Aims: To compare the risk of stillbirth and neonatal death in small-for-gestational-age (SGA), appropriate-for-gestational-age (AGA) and large-for-gestational-age (LGA) fetuses and neonates.
Design: Retrospective analysis of 662 043 births and outcomes recorded in the Victorian Perinatal Data Collection Unit (1992-2002).
Inclusion criteria: Births in Victoria in 1992-2002.
Exclusion criteria: Multiple pregnancy and congenital birth defects.
Main outcome measures: Births, stillbirths and neonatal deaths at each week of gestation after 23 weeks were stratified by birthweight into appropriate, small and large for gestational age. Stillbirth risk per 1000 ongoing pregnancies and neonatal death rate per 1000 live births were calculated.
Results: For the AGA group, the overall stillbirth risk was 2.88 per 1000 and neonatal death rate was 1.35 per 1000. In the LGA group, these were 2.62 and 1.83 per 1000, respectively.

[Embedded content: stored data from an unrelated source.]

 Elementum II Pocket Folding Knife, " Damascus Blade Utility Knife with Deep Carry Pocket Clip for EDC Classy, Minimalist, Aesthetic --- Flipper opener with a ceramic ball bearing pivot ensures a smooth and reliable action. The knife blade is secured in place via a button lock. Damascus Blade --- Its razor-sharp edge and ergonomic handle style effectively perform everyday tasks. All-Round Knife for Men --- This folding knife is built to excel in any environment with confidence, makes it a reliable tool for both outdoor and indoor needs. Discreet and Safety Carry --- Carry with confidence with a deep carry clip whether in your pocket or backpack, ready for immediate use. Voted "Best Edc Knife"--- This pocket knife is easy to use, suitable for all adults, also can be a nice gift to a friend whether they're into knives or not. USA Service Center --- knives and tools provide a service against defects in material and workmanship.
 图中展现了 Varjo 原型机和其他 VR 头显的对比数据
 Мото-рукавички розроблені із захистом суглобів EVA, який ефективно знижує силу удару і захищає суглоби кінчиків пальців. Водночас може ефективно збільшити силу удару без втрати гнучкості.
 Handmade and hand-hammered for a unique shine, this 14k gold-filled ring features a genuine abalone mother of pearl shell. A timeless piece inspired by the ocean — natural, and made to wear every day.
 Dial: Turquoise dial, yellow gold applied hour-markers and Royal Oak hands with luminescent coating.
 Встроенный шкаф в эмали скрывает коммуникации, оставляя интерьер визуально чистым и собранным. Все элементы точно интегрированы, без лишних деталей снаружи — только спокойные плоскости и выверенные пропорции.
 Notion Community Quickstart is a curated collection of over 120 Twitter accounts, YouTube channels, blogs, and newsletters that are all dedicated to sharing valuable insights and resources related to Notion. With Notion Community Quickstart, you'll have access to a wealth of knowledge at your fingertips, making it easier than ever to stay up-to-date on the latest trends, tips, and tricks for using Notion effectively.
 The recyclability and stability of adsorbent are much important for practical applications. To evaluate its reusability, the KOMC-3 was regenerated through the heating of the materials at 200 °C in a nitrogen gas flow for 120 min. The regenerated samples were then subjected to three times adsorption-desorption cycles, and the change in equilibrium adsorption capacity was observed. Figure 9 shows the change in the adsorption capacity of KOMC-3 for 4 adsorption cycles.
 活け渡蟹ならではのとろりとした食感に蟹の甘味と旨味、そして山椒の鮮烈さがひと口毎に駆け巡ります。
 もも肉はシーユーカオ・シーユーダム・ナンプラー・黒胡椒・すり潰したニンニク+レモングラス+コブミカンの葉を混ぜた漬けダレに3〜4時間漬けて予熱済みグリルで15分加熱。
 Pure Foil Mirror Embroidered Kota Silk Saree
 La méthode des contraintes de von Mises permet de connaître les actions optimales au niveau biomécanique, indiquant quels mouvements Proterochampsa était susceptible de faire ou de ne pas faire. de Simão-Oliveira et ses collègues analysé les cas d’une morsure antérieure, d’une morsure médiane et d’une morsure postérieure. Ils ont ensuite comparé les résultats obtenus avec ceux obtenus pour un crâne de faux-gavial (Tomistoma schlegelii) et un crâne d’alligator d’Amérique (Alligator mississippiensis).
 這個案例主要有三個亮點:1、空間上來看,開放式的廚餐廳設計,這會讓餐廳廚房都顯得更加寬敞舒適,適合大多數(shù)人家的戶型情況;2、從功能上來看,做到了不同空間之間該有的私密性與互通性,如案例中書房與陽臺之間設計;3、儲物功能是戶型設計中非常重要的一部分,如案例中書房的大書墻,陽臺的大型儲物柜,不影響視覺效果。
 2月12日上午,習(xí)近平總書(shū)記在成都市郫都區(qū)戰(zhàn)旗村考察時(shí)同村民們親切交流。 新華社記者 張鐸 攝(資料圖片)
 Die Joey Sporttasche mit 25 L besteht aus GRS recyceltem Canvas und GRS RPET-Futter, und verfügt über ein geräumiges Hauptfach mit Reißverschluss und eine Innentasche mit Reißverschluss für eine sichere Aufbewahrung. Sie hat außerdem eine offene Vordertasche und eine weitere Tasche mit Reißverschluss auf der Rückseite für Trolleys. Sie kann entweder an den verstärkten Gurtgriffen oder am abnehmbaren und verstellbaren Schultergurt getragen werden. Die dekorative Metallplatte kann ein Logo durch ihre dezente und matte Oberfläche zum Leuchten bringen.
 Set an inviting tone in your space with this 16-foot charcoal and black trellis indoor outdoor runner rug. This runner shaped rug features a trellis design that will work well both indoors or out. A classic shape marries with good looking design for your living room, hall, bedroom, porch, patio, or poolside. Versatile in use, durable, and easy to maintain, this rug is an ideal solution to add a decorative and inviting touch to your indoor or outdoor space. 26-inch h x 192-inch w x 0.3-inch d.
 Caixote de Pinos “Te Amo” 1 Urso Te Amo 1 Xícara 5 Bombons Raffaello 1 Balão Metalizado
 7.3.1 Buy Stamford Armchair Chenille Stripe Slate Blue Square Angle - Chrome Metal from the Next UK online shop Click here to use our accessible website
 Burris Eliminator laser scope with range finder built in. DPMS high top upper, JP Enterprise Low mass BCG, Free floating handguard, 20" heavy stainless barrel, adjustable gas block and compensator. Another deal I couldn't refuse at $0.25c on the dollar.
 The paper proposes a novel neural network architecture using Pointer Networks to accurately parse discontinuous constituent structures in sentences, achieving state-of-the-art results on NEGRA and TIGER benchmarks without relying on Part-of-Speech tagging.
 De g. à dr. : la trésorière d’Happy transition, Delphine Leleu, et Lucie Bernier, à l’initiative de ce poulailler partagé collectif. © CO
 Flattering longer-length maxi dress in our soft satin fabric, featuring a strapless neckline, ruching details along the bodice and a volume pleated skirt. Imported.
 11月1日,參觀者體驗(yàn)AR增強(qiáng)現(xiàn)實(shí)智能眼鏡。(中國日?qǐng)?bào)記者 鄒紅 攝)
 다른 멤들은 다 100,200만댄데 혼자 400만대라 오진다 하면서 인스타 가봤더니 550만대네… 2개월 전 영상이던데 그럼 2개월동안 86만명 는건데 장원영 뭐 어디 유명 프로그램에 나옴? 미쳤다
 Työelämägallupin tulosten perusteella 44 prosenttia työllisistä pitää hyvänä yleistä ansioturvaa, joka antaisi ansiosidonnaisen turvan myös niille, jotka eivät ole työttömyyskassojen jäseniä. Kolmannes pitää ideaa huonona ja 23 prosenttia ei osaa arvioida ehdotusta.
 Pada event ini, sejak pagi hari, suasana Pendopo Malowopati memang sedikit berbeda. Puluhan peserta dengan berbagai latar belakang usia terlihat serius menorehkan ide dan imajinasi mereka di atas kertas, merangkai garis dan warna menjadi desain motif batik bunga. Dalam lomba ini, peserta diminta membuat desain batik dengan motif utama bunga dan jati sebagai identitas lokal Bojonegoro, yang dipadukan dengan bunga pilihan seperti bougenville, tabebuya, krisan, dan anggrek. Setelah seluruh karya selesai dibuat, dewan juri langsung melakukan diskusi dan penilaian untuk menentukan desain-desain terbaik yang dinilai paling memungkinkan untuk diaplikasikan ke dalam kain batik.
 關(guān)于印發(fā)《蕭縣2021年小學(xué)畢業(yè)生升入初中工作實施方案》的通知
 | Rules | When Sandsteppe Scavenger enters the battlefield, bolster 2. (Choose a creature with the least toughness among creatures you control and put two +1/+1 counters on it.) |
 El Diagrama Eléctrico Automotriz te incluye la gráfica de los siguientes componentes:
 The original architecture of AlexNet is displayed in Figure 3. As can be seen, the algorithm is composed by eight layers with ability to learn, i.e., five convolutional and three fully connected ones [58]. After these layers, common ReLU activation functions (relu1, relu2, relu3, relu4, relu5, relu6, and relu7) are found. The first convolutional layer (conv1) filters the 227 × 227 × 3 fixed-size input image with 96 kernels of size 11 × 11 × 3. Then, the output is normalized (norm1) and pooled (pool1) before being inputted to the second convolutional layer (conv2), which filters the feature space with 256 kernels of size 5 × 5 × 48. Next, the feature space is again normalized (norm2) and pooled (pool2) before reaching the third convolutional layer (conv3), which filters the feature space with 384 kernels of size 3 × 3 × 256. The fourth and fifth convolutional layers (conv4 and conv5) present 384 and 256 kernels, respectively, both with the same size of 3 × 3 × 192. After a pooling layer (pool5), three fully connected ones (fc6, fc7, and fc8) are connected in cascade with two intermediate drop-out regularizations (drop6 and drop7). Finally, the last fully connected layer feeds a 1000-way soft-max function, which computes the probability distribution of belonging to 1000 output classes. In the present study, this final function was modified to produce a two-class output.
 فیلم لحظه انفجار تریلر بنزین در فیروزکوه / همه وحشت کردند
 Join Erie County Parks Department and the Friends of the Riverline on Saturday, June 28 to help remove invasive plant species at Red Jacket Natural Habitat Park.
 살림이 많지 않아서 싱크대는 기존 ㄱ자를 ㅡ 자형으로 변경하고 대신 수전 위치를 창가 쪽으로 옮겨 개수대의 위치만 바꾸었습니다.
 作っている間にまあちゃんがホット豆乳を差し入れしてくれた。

The slight increase in neonatal death rate among LGA fetuses was confined to those delivered after 28 weeks gestation. In the SGA group, the stillbirth risk and neonatal death rate were 15.1 and 3.99 per 1000, respectively.
Conclusion: The risk of stillbirth per week of gestational age and neonatal death rates do not differ significantly between AGA and LGA fetuses and neonates. The SGA fetus is at significantly greater risk of both stillbirth and neonatal death, particularly with advancing gestational age.